- [YOUR GOAL]:
When you reproduce the listing, keep every word as it is and drop the pictures.

- [AVAILABLE DATA]:
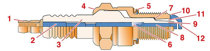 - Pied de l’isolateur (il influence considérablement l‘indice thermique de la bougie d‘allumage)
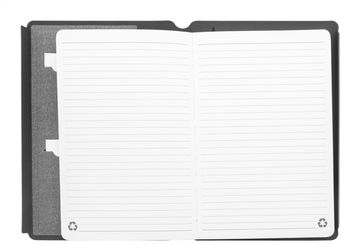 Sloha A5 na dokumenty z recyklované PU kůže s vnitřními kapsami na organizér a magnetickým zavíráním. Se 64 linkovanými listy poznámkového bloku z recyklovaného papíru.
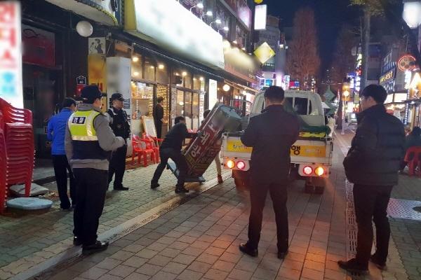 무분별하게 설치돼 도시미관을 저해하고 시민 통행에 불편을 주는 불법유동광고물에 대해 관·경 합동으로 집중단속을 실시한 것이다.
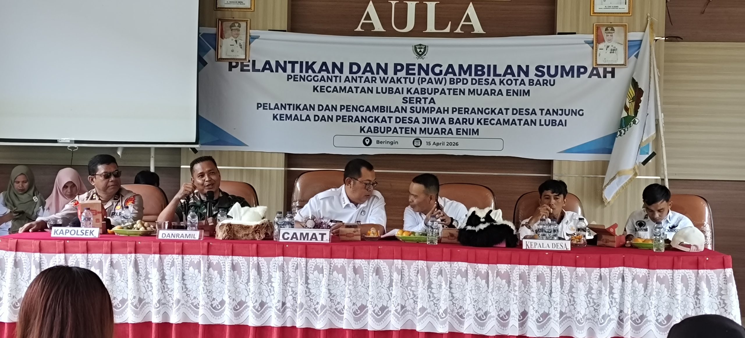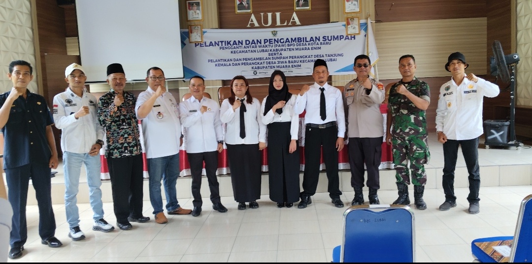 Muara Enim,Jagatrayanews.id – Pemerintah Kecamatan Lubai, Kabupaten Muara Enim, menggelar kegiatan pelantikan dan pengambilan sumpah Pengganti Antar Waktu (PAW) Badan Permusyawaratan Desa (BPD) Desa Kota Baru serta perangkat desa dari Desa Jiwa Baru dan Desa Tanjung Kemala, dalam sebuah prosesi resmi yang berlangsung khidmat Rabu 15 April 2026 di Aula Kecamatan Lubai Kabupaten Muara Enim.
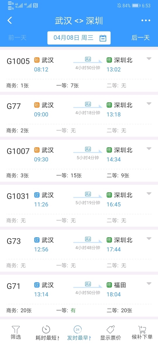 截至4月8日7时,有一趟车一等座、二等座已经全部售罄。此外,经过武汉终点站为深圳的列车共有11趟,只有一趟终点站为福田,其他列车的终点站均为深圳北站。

- [EXERCISE OUTPUT]:
 - Pied de l’isolateur (il influence considérablement l‘indice thermique de la bougie d‘allumage)
 Sloha A5 na dokumenty z recyklované PU kůže s vnitřními kapsami na organizér a magnetickým zavíráním. Se 64 linkovanými listy poznámkového bloku z recyklovaného papíru.
 무분별하게 설치돼 도시미관을 저해하고 시민 통행에 불편을 주는 불법유동광고물에 대해 관·경 합동으로 집중단속을 실시한 것이다.
 Muara Enim,Jagatrayanews.id – Pemerintah Kecamatan Lubai, Kabupaten Muara Enim, menggelar kegiatan pelantikan dan pengambilan sumpah Pengganti Antar Waktu (PAW) Badan Permusyawaratan Desa (BPD) Desa Kota Baru serta perangkat desa dari Desa Jiwa Baru dan Desa Tanjung Kemala, dalam sebuah prosesi resmi yang berlangsung khidmat Rabu 15 April 2026 di Aula Kecamatan Lubai Kabupaten Muara Enim.
 截至4月8日7时,有一趟车一等座、二等座已经全部售罄。此外,经过武汉终点站为深圳的列车共有11趟,只有一趟终点站为福田,其他列车的终点站均为深圳北站。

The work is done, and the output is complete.